President of the National Assembly
- Incumbent
- Assumed office 28 June 2022
- Preceded by: Richard Ferrand

Minister of the Overseas
- In office 20 May 2022 – 25 June 2022
- Prime Minister: Élisabeth Borne
- Preceded by: Sébastien Lecornu
- Succeeded by: Jean-François Carenco (Minister Delegate)

Member of the National Assembly for Yvelines's 5th constituency
- Incumbent
- Assumed office 21 June 2017
- Preceded by: Jacques Myard
- Majority: 10,557 (29.24%)

Personal details
- Born: Yaël Braun 7 December 1970 (age 55) Nancy, France
- Party: Renaissance (2016–present)
- Spouse: Vianney Pivet ​(m. 2014)​
- Children: 5
- Education: Paris Nanterre University
- Profession: Lawyer

= Yaël Braun-Pivet =

French politician (born 1970)

Yaël Braun-Pivet (/fr/; born 7 December 1970) is a French lawyer and politician who has been President of the French National Assembly since 28 June 2022. The first woman to hold the position, she was re-elected on 18 July 2024 following the 2024 snap election.

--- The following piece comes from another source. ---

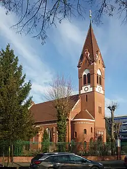 Die Kirche ist ein neugotischer Ziegelbau in Nord-Süd-Ausrichtung.[4] Der quadratische Turm hat einen viereckigen Spitzhelm und ein rundbogiges Eingangsportal mit einer davor liegenden Freitreppe. Auf Höhe des Glockengeschosses liegen große rundbogige Klangarkaden in einer Rundbogenblende. Westlich des Turms ist ein zweigeschossiger, runder Treppenturm angebaut.
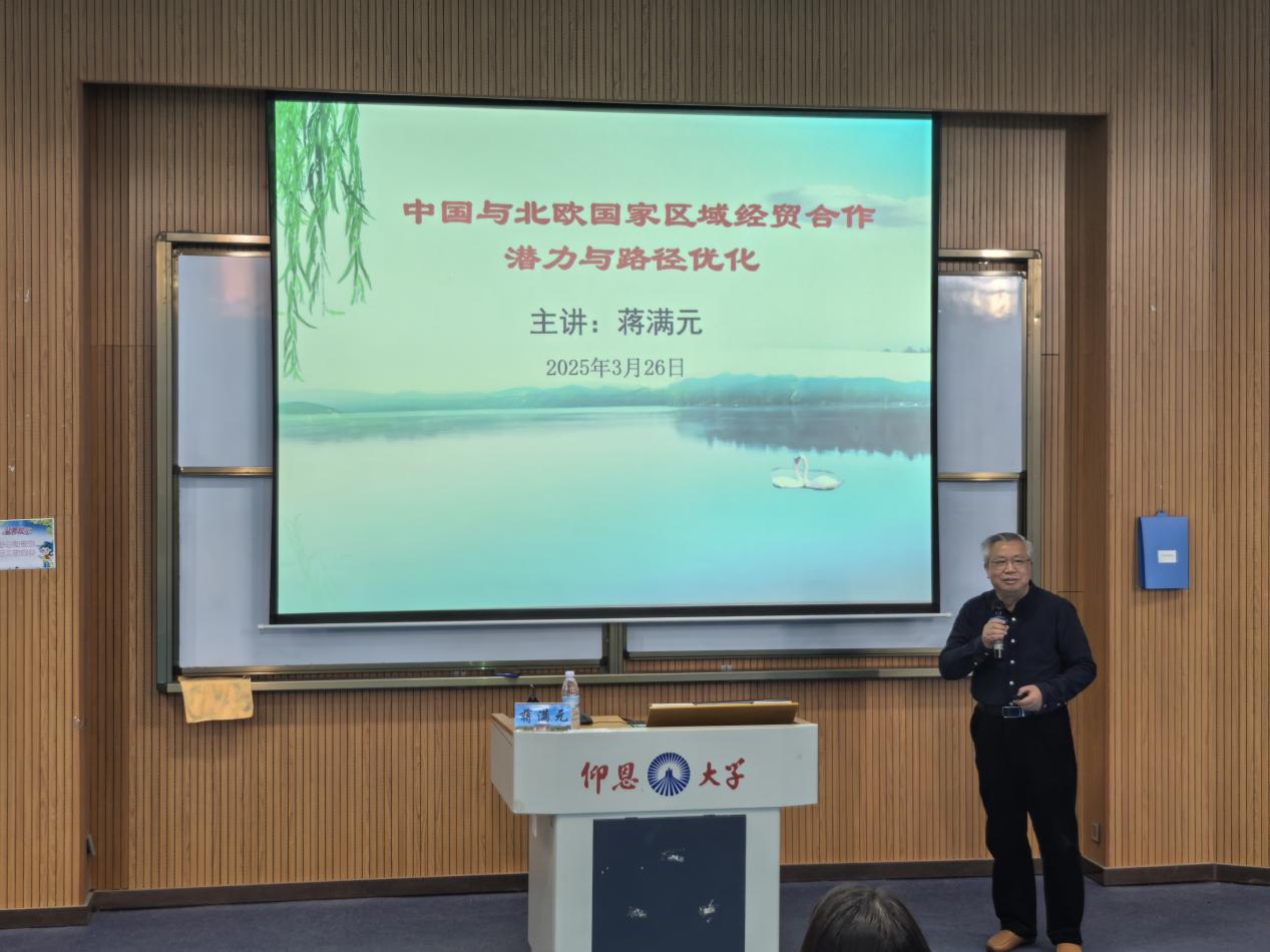 3月26日下午,仰恩大讲堂第五十二讲在新区和昌教学楼海纳讲堂顺利举行。本次讲座以《中国与北欧国家区域经贸合作潜力与路径优化》为题,特邀重庆对外经贸学院副校长、经济学博士蒋满元教授担任主讲嘉宾。yl23411集团院长张雪梅出席此次活动。

A member of Renaissance (RE), she briefly previously was Minister of the Overseas under Prime Minister Élisabeth Borne from May to June 2022. She has been a member of the National Assembly since 2017, representing the department of Yvelines.

==Background==
Braun-Pivet was born Yaël Braun in Nancy in Eastern France. Her paternal grandparents were Jewish - her grandfather was a Polish tailor while her grandmother was German - and had settled in France in the 1930s in order to escape antisemitism. After World War II, her grandfather received the French Resistance Medal. Braun-Pivet's mother had grown up in care.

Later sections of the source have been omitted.